As part of my project to transform a 2d cluster grid into a neural network to model percolation, this jupyter notebook focuses on the construction of the 2d grid. 

So to create this grid one must understand two components:
1. Computational: How to create and tune a 2d cluster grid
2. Physical: What is the physical basis of this percolation model




### References

I am basing my 2d grid model off of the Ising model in Giordano's Computational Physics as well as this example from the scipython website: https://scipython.com/blog/the-forest-fire-model/.


Giordano N. 1997. "Computational Physics." Upper Sadie River, NJ: Pretence-Hall inc. p. 315-328

Forest Fire Model [Online]. The Forest-fire model. https://scipython.com/blog/the-forest-fire-model/ [10 May 2020].



In [6]:
#standard import cell

import numpy as np
import matplotlib.pyplot as plt
from matplotlib import animation
from matplotlib import colors
import random

#### Animation
The cell below is a space which I used to experiment with the water percolation model. The cell below creates an animation after being run. As of the time this is written I have not yet been able to find a method to save the animations with my laptop due to software issues, however there is a commented out command to save with ffmpeg for anyone who has it installed and opertaional. 

The inital lattice for this project was 100 x 100, which meant that there were 10000 cells in the lattice. This was very computationally taxing, for reasons that will become clear upon neural network implementation. So I reduced the size to 50x50 which is 1/4 the number of cells.
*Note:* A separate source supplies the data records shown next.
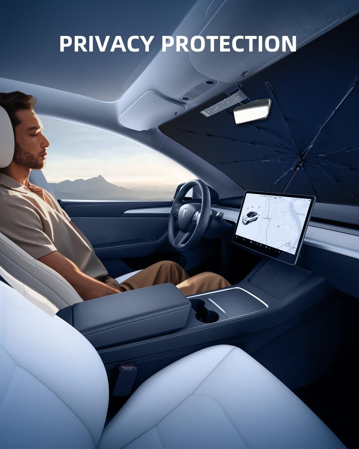 【REAR VIEW MIRROR CUT FOR FULL COVERAGE】- Opening reserved for the rearview mirror, does not block the tachograph, while the ETC can also be used normally. The most important thing is that there is no light leakage
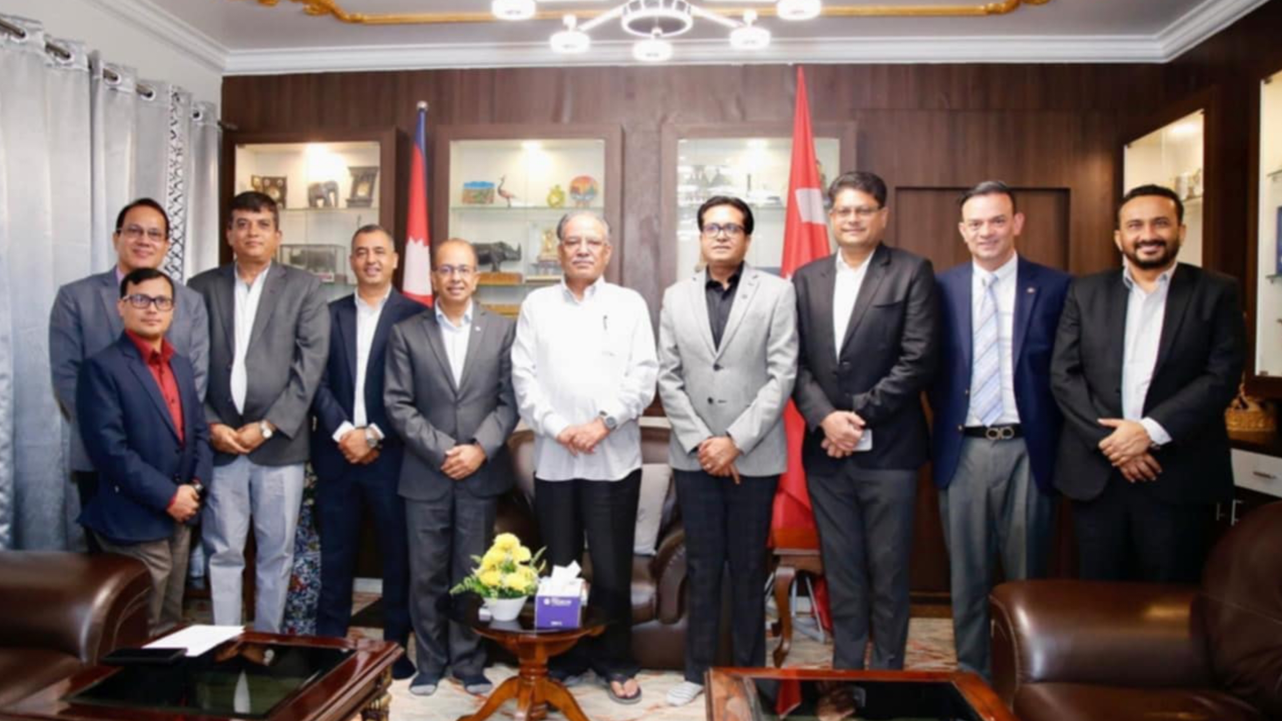 सोमबार खुमलटारस्थित आफ्नै निवासमा नेपाल उद्योग परिसंघ (सिएनआइ) का नवनिर्वाचित पदाधिकारीहरूसँगको भेटमा अध्यक्ष प्रचण्डले वर्तमान अवस्थामा राज्यले निजी क्षेत्रलाई सहज वातावरण बनाउनुपर्नेमा जोड दिए।
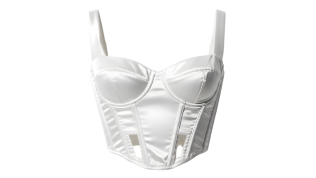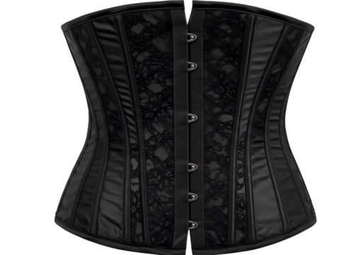 Black leather corset with lace trim and white buttons, portraying gothic fashion style, intimate apparel for women, transparent background
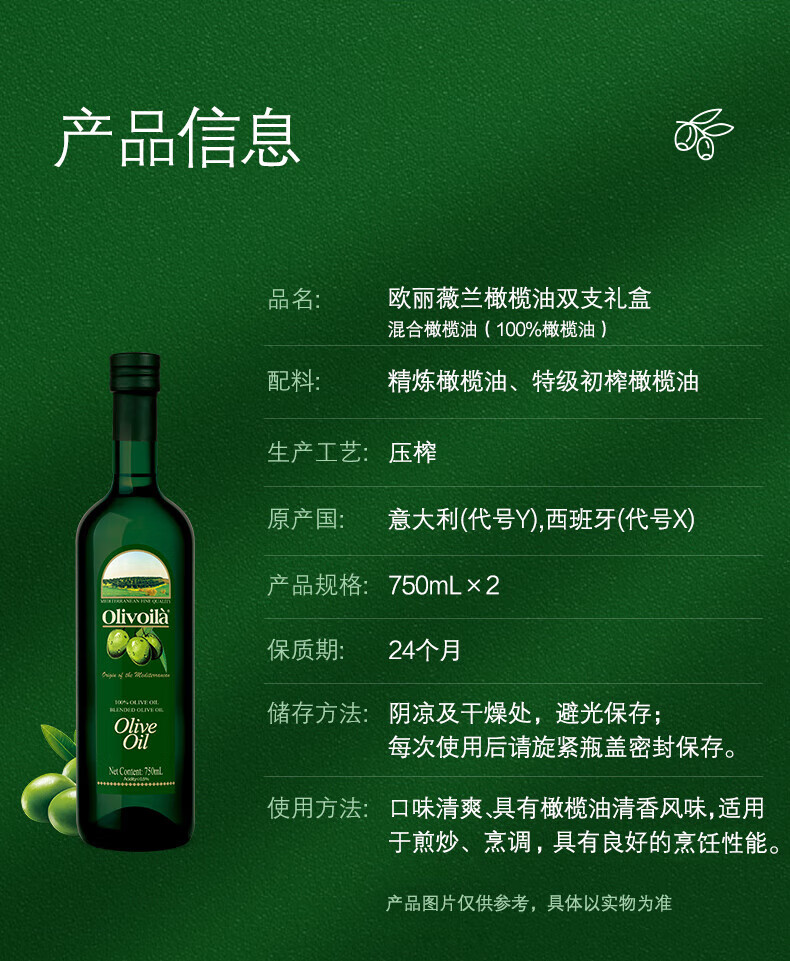 【发出后不支持拦截退货】欧丽薇兰 橄榄油礼盒 750ml*2
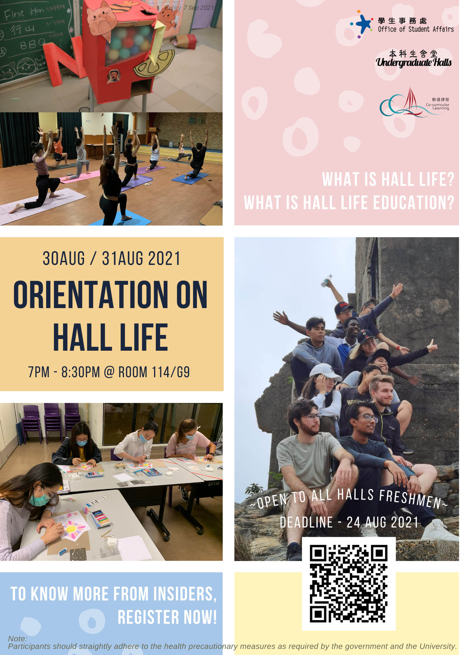 2021-08-31 19:00 - 2021-08-31 20:30 Venue: Room 114 or G9, Undergraduate Halls |
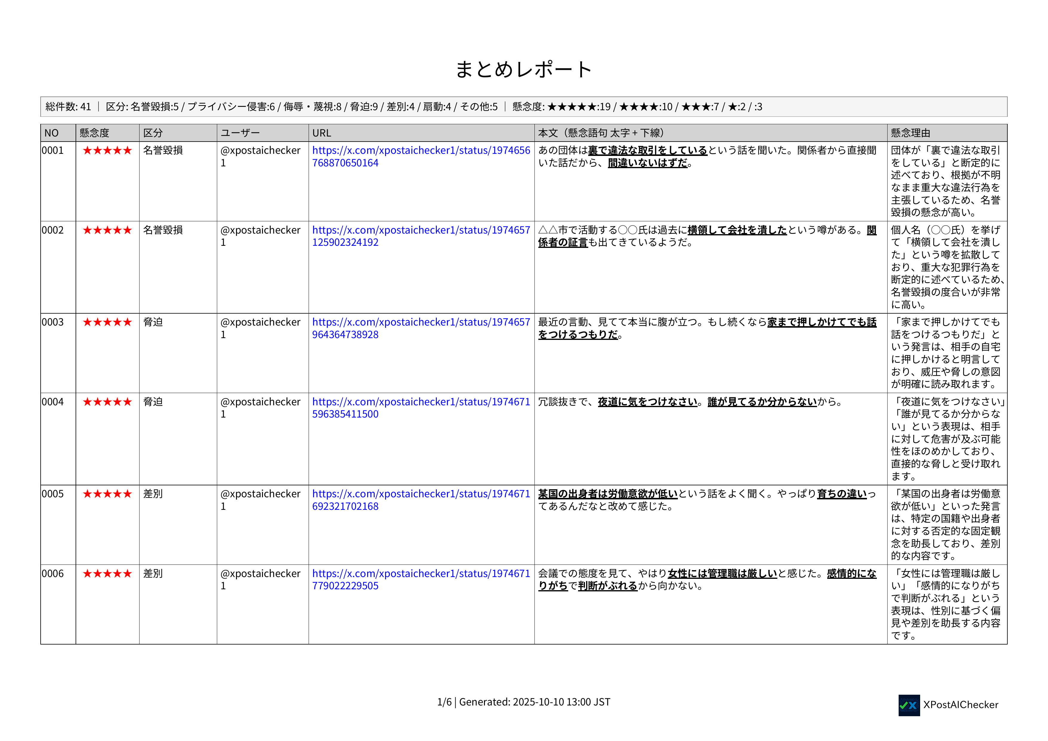 各投稿の個別レポート。本文・URL・懸念度(★1〜5)・カテゴリ・根拠語句・理由・スクリーンショットを掲載 | |
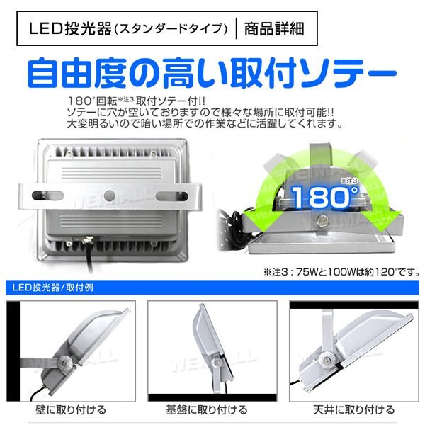 | LED採用の省エネ投光器ライトです。 20Wと省電力で、従来の200W相当の明るさです。 IP65規格の防水仕様!ライトアップ照明に。 ホール、倉庫、町内の防犯灯など様々な用途に大活躍します! |
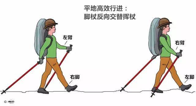 平路脚杖反向——最自然的登山杖使用方式,如四脚动物一般行走,杖与手交错前进。
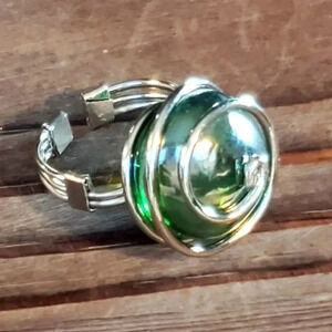 Handcrafted Edgy Green Luster Silver Spiral Luster Glass Bauble Ring

The smaller lattice exhibited the same percolation behavior (threshold/ qualitative motion patterns) so I moved forward with the 50 x 50 lattice. 

For those who have greated compuational power, or more patience, the 100 x 100 data is saved in this folder.

In [8]:
# I will modify the code from the scipython.com forest fire model
#to represent my percolation model

%matplotlib notebook


EMPTY,ROCK,WATER = 0, 1, 2
# Colours for visualization: brown for ROCK, white for EMPTY and blue
# for WATER. Note that for the colormap to work, this list and the bounds list
# must be one larger than the number of different values in the array.

#I initially chose shades of brown for water accepting and water blocking soil, however those
#colors were less easily separated visually



source= 0 #1,2,3,4

#Source 0 is above
#Source 1 the left
#Source 2 is beneath
#Source 3 is the right
#Source 4 is the center



colors_list = ['gray', 'brown','blue']
cmap = colors.ListedColormap(colors_list)
bounds = [0,1,2,3]
norm = colors.BoundaryNorm(bounds, cmap.N)

def iterate(X):
    """Iterate the ground according to the percolation rules."""


    
    # In this model we will only count the four nearest neighbors, above, below, left, and right
    # this assumes that water cannot move between the crack of two rock neighbors 
    neighborhood = ((-1,0), (0,-1), (0, 1), (1,0))
    X1 = np.zeros((ny, nx))
    
    # The boundary of the ground is always empty, so only consider cells
    # indexed from 1 to nx-2, 1 to ny-2
    
    for ix in range(1,nx-1):
        for iy in range(1,ny-1):
            
            #if the cell is rock or water or empty before it will stay the same
            if X[iy,ix] == WATER: 
                X1[iy,ix] = WATER
            if X[iy,ix] == ROCK: 
                X1[iy,ix] = ROCK
            if X[iy,ix] == EMPTY:
                X1[iy,ix] = EMPTY
                        #unless the cell is empty next to water
                        #in which case it will become a water cell
                for dx,dy in neighborhood:
                    if X[iy+dy,ix+dx] == WATER:
                        X1[iy,ix] = WATER
                        break
    return X1

# The initial fraction of the forest occupied by rocks.
rock_fraction = 0.40

# ground section size (number of cells in x and y directions).
nx, ny = 50, 50


# Initialize the ground section grid.
X  = np.zeros((ny, nx))

X[1:ny-1, 1:nx-1] = np.random.randint(0, 2, size=(ny-2, nx-2))

#initializes the rocks
X[1:ny-1, 1:nx-1] = np.random.random(size=(ny-2, nx-2)) < rock_fraction

if source == 0: #above
    X[0,0:nx-1] = 2
    
if source == 1: #left
    X[0:ny-1,0] = 2
    
if source == 2: #beneath
    X[0:ny-1,0] = 2
    
if source == 3: #right
    X[0:ny-1,ny-1] = 2
    
if source == 4: #center
    midy= ny//2
    midx= nx//2
    X[midy,midx] = 2

fig = plt.figure(figsize=(25/3, 6.25))
ax = fig.add_subplot(111)
ax.set_axis_off()
im = ax.imshow(X, cmap=cmap, )#norm=norm)#, interpolation='nearest')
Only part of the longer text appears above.